Most of the women I spoke to in the prison are there for some “offense” related to their identity as women. This is the most hurtful part as it’s almost as if the legal apparatus has a life of its own. An example of this is the way these women describe their experiences and how they got to that point in prison — most of them were subjected to some form of sexual policing. Either it was sex work or for one of them, she was in there for “adultery”! At that point, I hadn’t even heard of that before. In many cases, family members are the ones that inform the police. Here we see how the family is in a sense also conspiring with the state. You find this carceral logic everywhere where a minority group is involved: from women anywhere in the world, to white people calling the police on Black people.
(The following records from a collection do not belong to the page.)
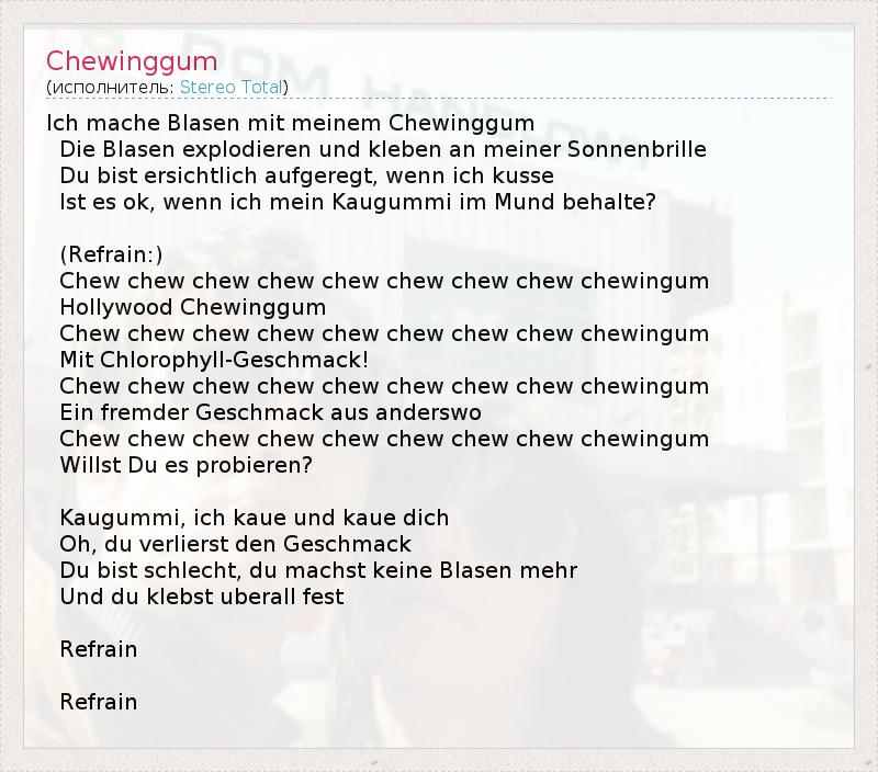 Ich mache Blasen mit meinem Chewinggum Die Blasen explodieren und kleben an meiner Sonnenbrille Du bist ersichtlich aufgeregt, wenn ich kusse Ist es ok, wenn ich mein Kaugummi im Mund behalte? (Refrain:) Chew chew chew chew chew chew chew chew chewingum Hollywood Chewinggum Chew chew chew chew chew chew chew chew chewingum Mit Chlorophyll-Geschmack! Chew chew chew chew chew chew chew chew chewingum Ein fremder Geschmack aus anderswo Chew chew chew chew chew chew chew chew chewingum Willst Du es probieren? Kaugummi, ich kaue und kaue dich Oh, du verlierst den Geschmack Du bist schlecht, du machst keine Blasen mehr Und du klebst uberall fest Refrain Refrain
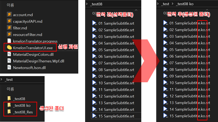- 결과는 Target 언어인 한국어(Ko)에 맞춰 (파일 이름을 다르게 표기하면 또 수정해야하니...) 폴더 생성 후, 번역된 자막파일이 저장됩니다.
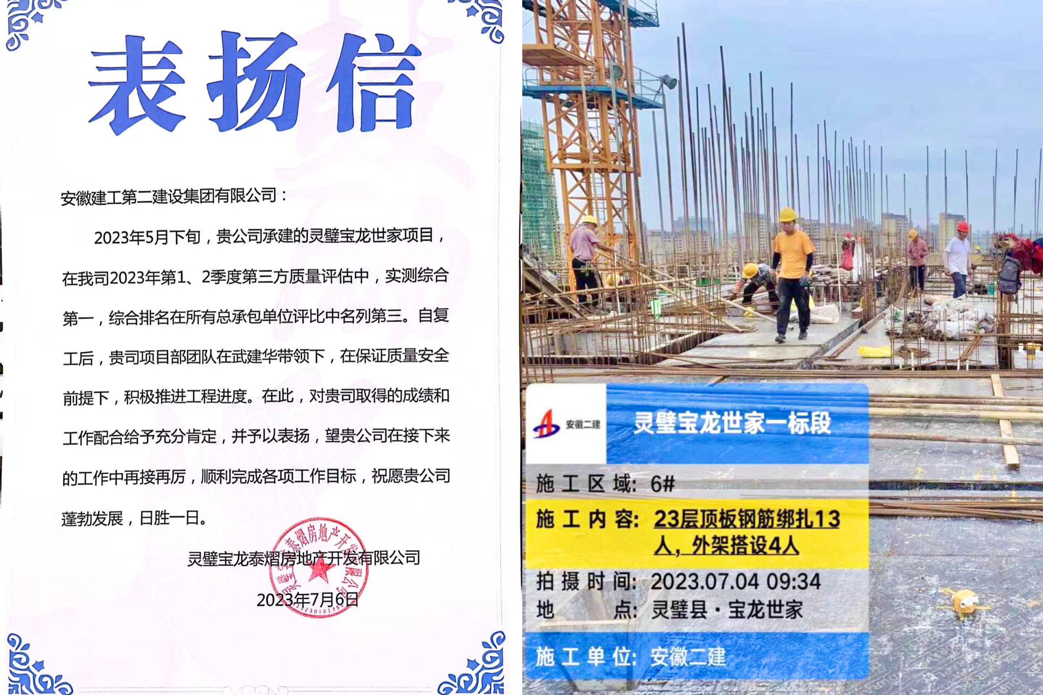 聚焦劳动竞赛党建引领,带出项目队伍“新气象”。在劳动竞赛实施过程中,项目部紧紧围绕竞赛目标开展“三号联创”,结合实际设立“党员先锋岗”“工人先锋队”和“青年突击队”,有效提升组织创造力、凝聚力和战斗力。在重点任务、关键节点和重要环节中,充分发挥“两个作用”,为项目建设提供“红色动力”。在宝龙集团今年一、二季度第三方质量评估中综合排名位列前三,项目部积极申报了省住建厅2023年“红色工地”试点项目,持续提升党建引领推动项目建设。
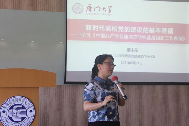 首先,廖志丹作题为“新时代高校党的建设的基本遵循——学习《中国共产党普通高等学校基层组织工作条例》”的专题报告,介绍了《中国共产党普通高等学校基层组织工作条例》修订的背景、过程、意义和遵循的主要原则,根据高校党务工作对《条例》的主要内容进行解析,重点讲解了2021年修订版新增和修改的内容,强调了《条例》在深入贯彻习近平新时代中国特色社会主义思想,贯彻落实新时代党的建设总要求和新时代党的组织路线,坚持和加强党对普通高等学校的全面领导,加强和改进高校党的建设,扎根中国大地办好中国特色社会主义大学方面的重要指导作用;结合基层党务工作典型案例,强调了贯彻落实《条例》的具体要求,为学院党委、党支部对标对表开展工作提供了指导。

The idea here is to exclude, to eliminate, to put away. That’s how I see the universality of this experience. 

Q: The Morris Goodman Award provides funds for graduate students to study and research African languages. What do you plan to study with the support of this fund? 

IC: I'm interested in the Maghreb which spans most of North Africa, from Libya in the East to Mauritania in the West. A large number of the population in this region speaks an indigenous language. They’re considered to be various dialects of Tamazight, or Berber, a language long spoken by the indigenous inhabitants of North Africa. Speakers of different dialects can still often communicate with one another. I received the Morris Goodman Award to study Kabyle, which is a dialect of Berber, spoken mainly in Algeria. My plan is that reaching fluency in this one dialect would greatly facilitate acquiring some of the others such as Morocco’s Riffian, or Tuareg. I think a large weakness in North African studies is the language divisions that we see: written works either deal with Arabic-speaking groups or when Berber is involved, it’s usually in relation to Berber speakers’ ongoing struggle for supportive state policies to ensure the survival of the language. For my own work, I recognize the uniqueness of Berber speakers’ experiences to a degree, as I also think it is important to look beyond these language divisions to see share experiences, and if there is some variation in experience, language is one of the factors and shouldn’t be the sole factor for that variation. I also believe that it is the scholar’s job to speak their interviewee’s language and not the other way around. I am the one being hosted in a community different from mine and given time and attention. I don’t take that for granted, and I think using all the resources I have to lessen the burden I might pose on my interlocutors and it is the least I can do. I believe I am in an extractive business. I struggle with that idea, but the least I can do is recognize it and do what I can to respect the human without whom I wouldn’t have a career. I hope programs invest more funds for supporting students the way the Program of African Studies has helped me so far. Learning languages is expensive and time-consuming, and it should be part of the things we fund regularly.